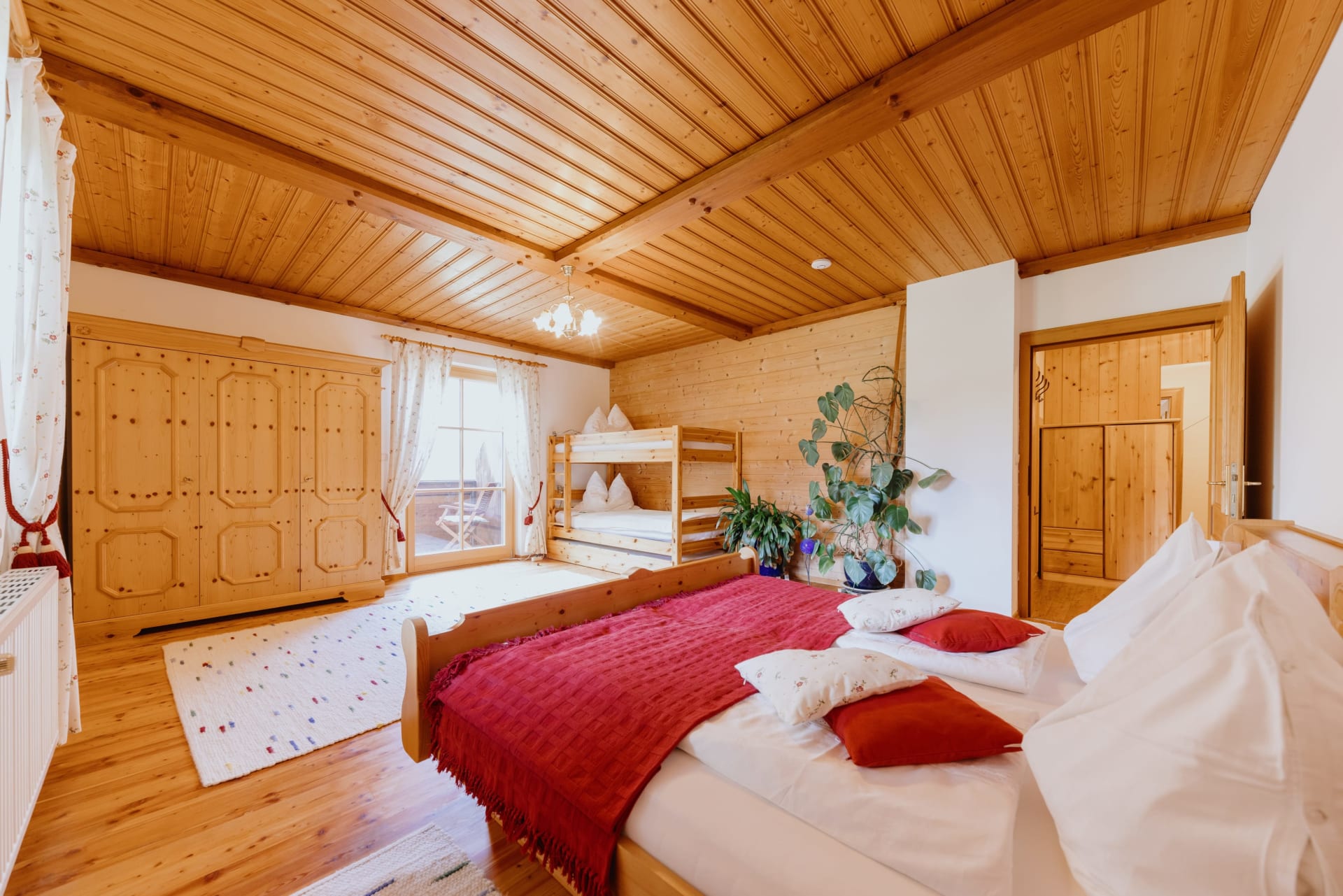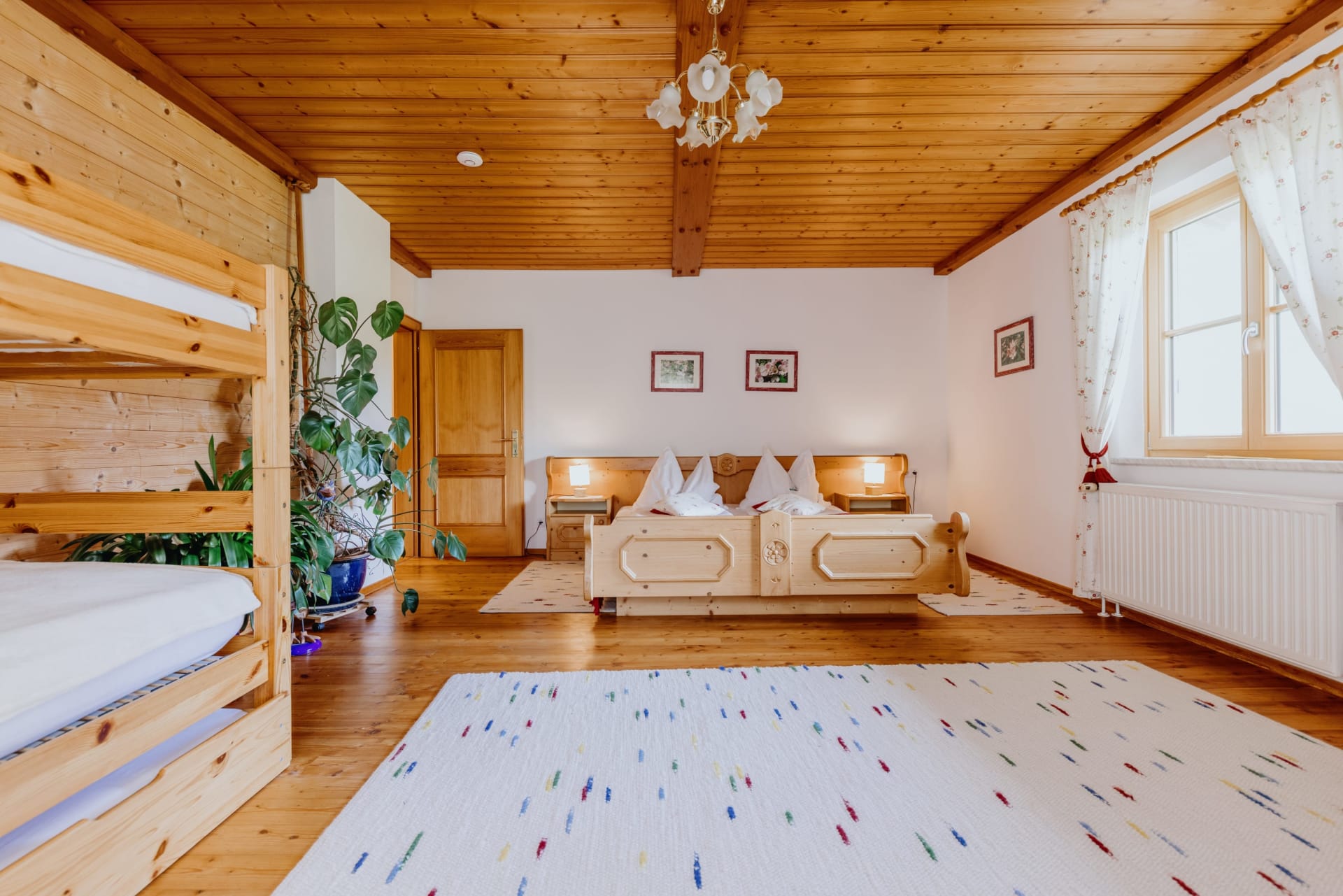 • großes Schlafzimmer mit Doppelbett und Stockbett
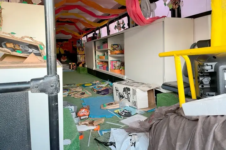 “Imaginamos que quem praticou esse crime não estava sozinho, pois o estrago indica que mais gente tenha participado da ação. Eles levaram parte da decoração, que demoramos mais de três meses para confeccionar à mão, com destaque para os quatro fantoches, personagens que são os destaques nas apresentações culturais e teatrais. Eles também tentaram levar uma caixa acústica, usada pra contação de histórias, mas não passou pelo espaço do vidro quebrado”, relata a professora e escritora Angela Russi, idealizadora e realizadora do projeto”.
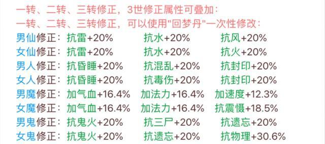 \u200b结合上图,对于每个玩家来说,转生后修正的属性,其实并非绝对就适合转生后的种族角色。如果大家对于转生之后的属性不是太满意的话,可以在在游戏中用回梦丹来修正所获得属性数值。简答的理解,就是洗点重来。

▸ **REQUIRED ACTION**: Set down the entire material verbatim, with each picture left out.

▸ **TASK SOLUTION**:
 • großes Schlafzimmer mit Doppelbett und Stockbett
 “Imaginamos que quem praticou esse crime não estava sozinho, pois o estrago indica que mais gente tenha participado da ação. Eles levaram parte da decoração, que demoramos mais de três meses para confeccionar à mão, com destaque para os quatro fantoches, personagens que são os destaques nas apresentações culturais e teatrais. Eles também tentaram levar uma caixa acústica, usada pra contação de histórias, mas não passou pelo espaço do vidro quebrado”, relata a professora e escritora Angela Russi, idealizadora e realizadora do projeto”.
 \u200b结合上图,对于每个玩家来说,转生后修正的属性,其实并非绝对就适合转生后的种族角色。如果大家对于转生之后的属性不是太满意的话,可以在在游戏中用回梦丹来修正所获得属性数值。简答的理解,就是洗点重来。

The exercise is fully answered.